De nouvelles violences sont-elles à craindre ? Jeudi dernier, malgré l’important dispositif déployé par la préfecture de police, des incidents ont éclaté dans le cortège parisien quand des black blocs s’en sont pris aux forces de l’ordre, place de la République, dans l’est de la capitale. Des « éléments radicaux », venus par centaines, qui pourraient encore troubler, mardi, la  nouvelle journée de mobilisation contre la réforme des retraites, s’inquiète une source ministérielle. Il faut dire que samedi après-midi, le centre-ville de Nantes a été saccagé par des casseurs lors d’une manifestation. « Ils ont montré qu’ils étaient toujours là. »

Au niveau national, la mobilisation des forces de l’ordre, mardi, sera donc « à un niveau assez important », au moins similaire à celui de jeudi, poursuit cette même source ministérielle, sans donner pour autant de chiffres précis. A Paris, la préfecture de police se contente, elle aussi, de faire savoir dans un communiqué qu’elle mobilisera « des moyens humains et matériels significatifs visant à assurer la sécurité des manifestants et à prévenir les violences et dégradations en marge du cortège ». La semaine dernière, 6.000 policiers et gendarmes étaient mobilisés dans la capitale.

Plusieurs sections de gendarmes mobiles et de CRS

Selon nos informations, les forces de l’ordre seront très nombreuses pour faire face aux éléments violents qu’elles s’attendent à affronter. Une quarantaine de pelotons de gendarmes mobiles boucleront un large périmètre autour du palais de l’Elysée, des Champs-Elysées et de la place de l’Etoile. Une trentaine de sections de CRS protégeront l’Assemblée nationale et Matignon, et une vingtaine d’autres encadreront le cortège qui partira à 13h30 de la place Vauban (7e), survolée par un drone, pour rejoindre Denfert-Rochereau (14e) en fin d’après-midi.

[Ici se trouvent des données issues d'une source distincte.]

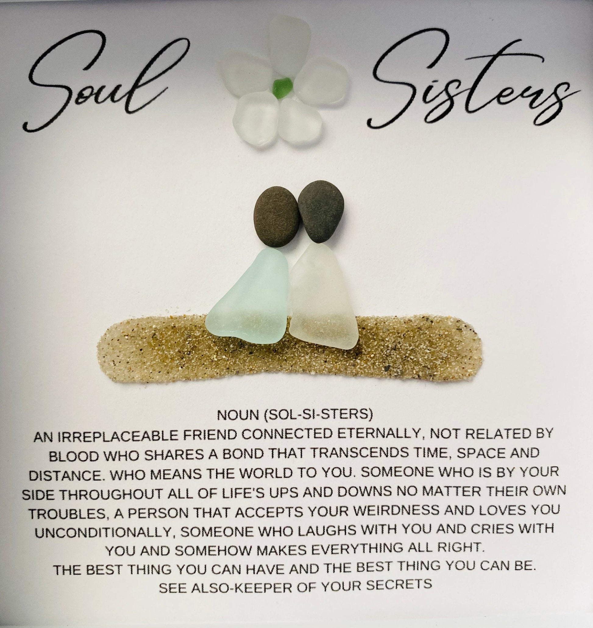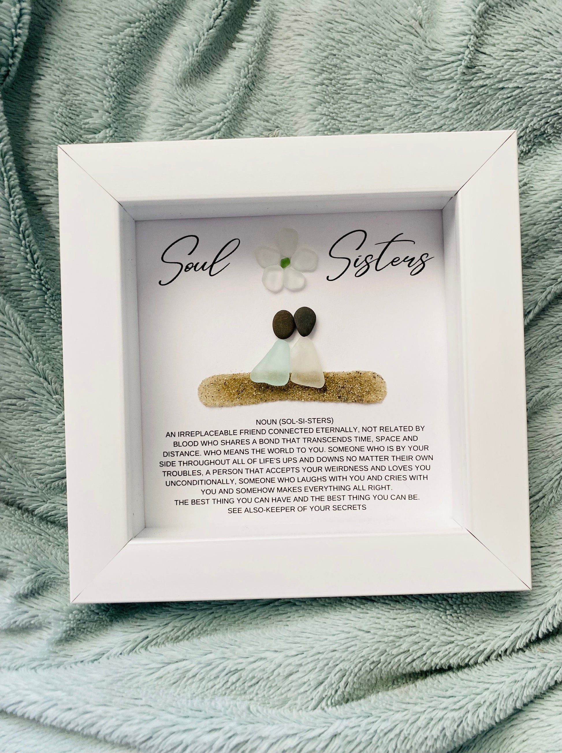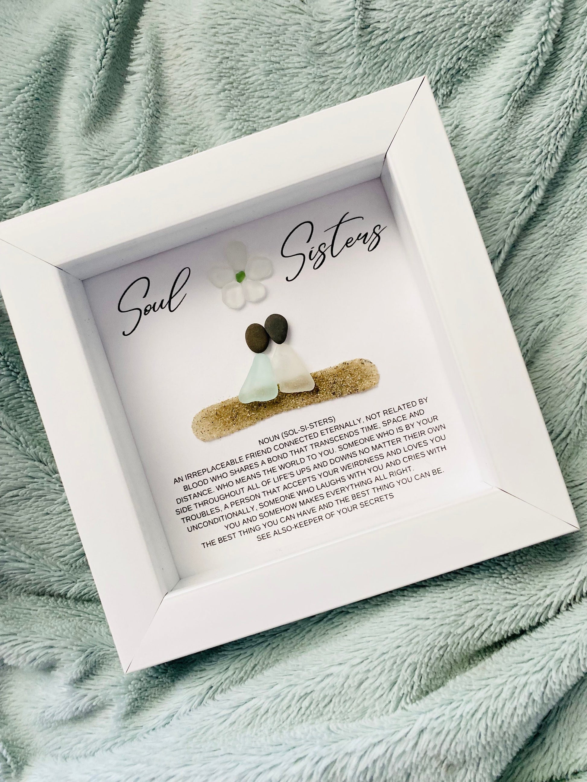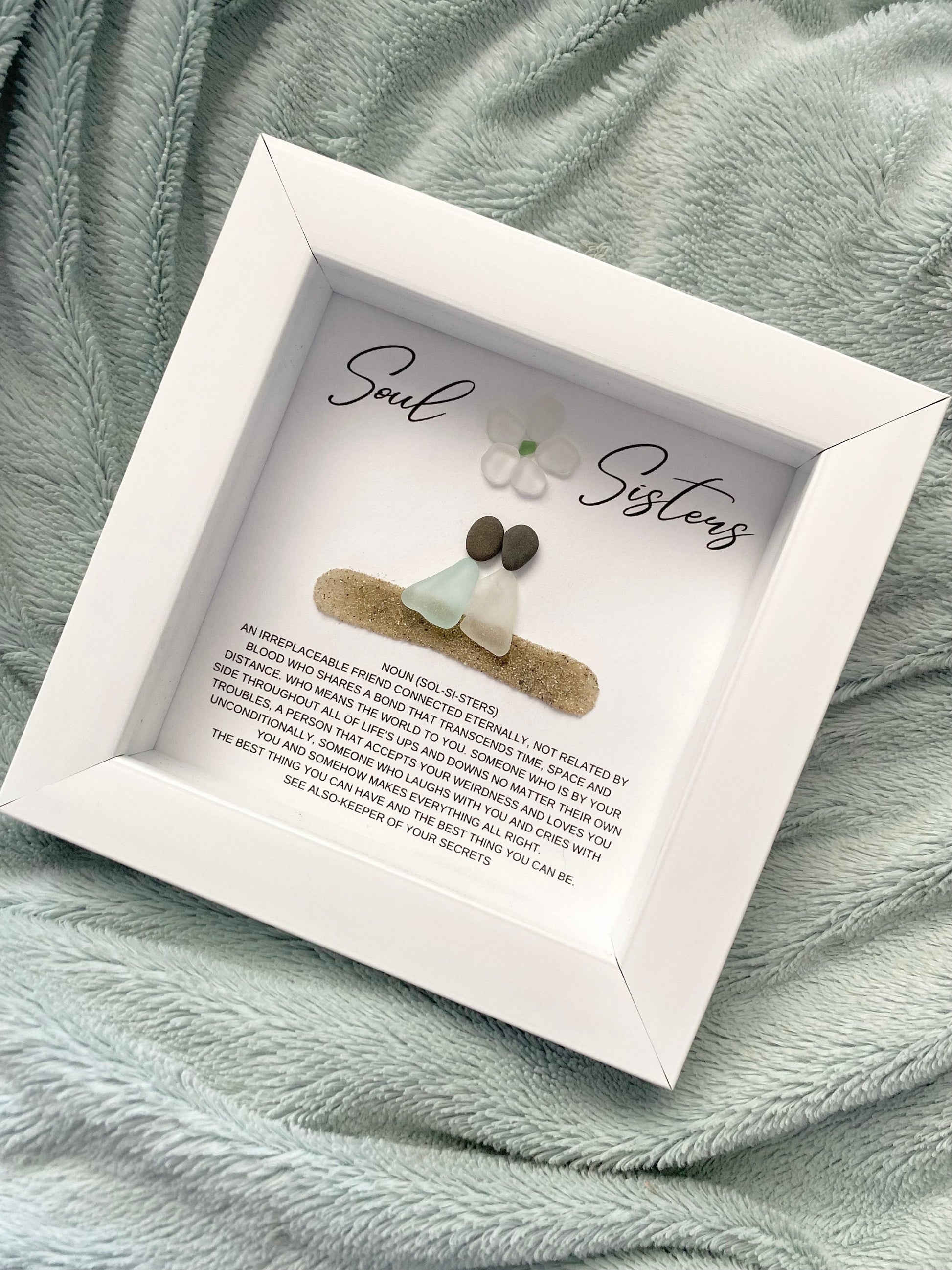 Celebrate the bond of friendship with our beautifully personalized Soul Sisters gift, featuring handcrafted sea glass and pebble art. This unique piece makes an ideal birthday or Christmas gift for her, embodying the essence of sisterhood and friendship in a stunning display.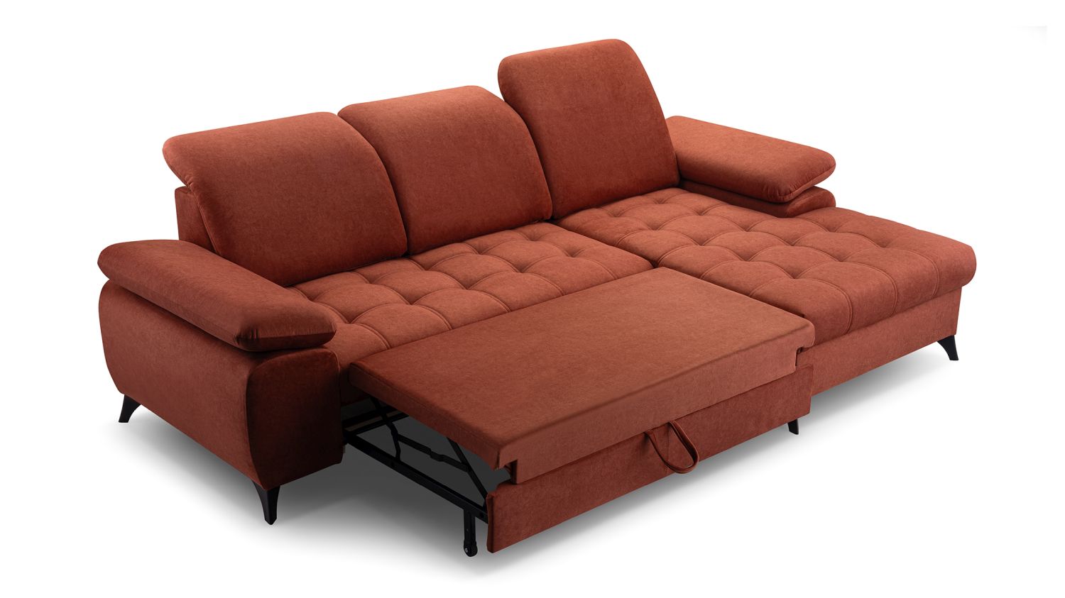 Styl i komfort w nowoczesnym wydaniu — narożnik MONTERO MINI to elegancki mebel, który łączy funkcjonalność z wyrazistym designem. Jego L-kształtny układ doskonale komponuje się z przestrzenią salonu, zapewniając wygodę w codziennym użytkowaniu.Model posiada funkcję spania oraz obszerny pojemnik na pościel, co czyni go praktycznym wyborem także dla mniejszych wnętrz. Regulowane zagłówki i szerokie podłokietniki zwiększają komfort, a eleganckie pikowane siedzisko i stabilne metalowe nogi nadają całości lekkości i nowoczesnego charakteru. Konstrukcja mebla gwarantuje trwałość i wygodę na lata.

La préfecture de police mobilisera aussi les Brigades de répression de l’action violente, dont certaines motorisées. Il s’agit d’unités très mobiles qui s’adaptent aux violences observées lors des manifestations. Les effectifs de la Dspap (Direction de la sécurité de proximité de l’agglomération parisienne) seront, eux, chargés des missions de surveillance et de sécurisation aux abords des gares et de repérer les éventuels fauteurs de troubles en procédant à des contrôles. D’autre part, toujours selon nos informations, les autorités ont demandé aux syndicats qui organisent la manifestation de renforcer leur dispositif de sécurité.

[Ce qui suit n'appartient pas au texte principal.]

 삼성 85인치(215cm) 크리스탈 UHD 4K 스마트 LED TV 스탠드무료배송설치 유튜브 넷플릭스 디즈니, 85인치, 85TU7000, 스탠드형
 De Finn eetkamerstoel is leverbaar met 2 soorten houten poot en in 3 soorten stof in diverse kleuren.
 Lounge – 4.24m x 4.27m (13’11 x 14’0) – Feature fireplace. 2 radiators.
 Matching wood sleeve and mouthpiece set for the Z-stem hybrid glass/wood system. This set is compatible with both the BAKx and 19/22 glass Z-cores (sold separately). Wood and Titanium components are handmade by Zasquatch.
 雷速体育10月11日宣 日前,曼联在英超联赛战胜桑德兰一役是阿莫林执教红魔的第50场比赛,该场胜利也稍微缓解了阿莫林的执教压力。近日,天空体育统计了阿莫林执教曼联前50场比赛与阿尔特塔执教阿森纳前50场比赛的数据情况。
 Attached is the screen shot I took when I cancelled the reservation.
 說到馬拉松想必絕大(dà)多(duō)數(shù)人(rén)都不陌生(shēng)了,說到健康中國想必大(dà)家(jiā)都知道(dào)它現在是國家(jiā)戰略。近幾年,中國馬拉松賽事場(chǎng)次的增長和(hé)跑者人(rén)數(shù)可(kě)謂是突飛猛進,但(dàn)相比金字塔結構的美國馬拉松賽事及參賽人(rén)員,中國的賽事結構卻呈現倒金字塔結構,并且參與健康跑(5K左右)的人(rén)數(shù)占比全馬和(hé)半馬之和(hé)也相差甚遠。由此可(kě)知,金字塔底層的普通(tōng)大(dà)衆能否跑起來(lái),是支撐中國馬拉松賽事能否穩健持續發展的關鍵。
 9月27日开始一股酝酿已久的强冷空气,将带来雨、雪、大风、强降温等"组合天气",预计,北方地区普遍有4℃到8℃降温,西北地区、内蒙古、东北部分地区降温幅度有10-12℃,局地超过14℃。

« Se conforter strictement aux consignes »

Le préfet de police, Didier Lallement, a pris un arrêté de fermeture des commerces situés sur le parcours de la manifestation. Il leur recommande de « prendre toutes les mesures utiles à la protection de leurs biens ». Traduction : ils doivent se barricader, comme le font de nombreux commerçants depuis un an lors des manifestations des «  gilets jaunes ». Par ailleurs, les voitures ne pourront pas se garer le long du trajet entre minuit et 20h.

Didier Lallement a demandé à la mairie de Paris de « faire enlever tous les éléments pouvant servir de projectiles » et de « sécuriser les chantiers de voie publique ». Le haut fonctionnaire demande aussi à « l’ensemble des manifestants pacifiques » de se « positionner dans le cortège syndical et non à son amont, où les groupes radicaux ont pris l’habitude de se former pour mener leurs actes de déstabilisation ». Il les invite « à se conforter strictement aux consignes des organisateurs, et notamment à l’ordre de dispersion lorsqu’il sera donné en fin de manifestation ».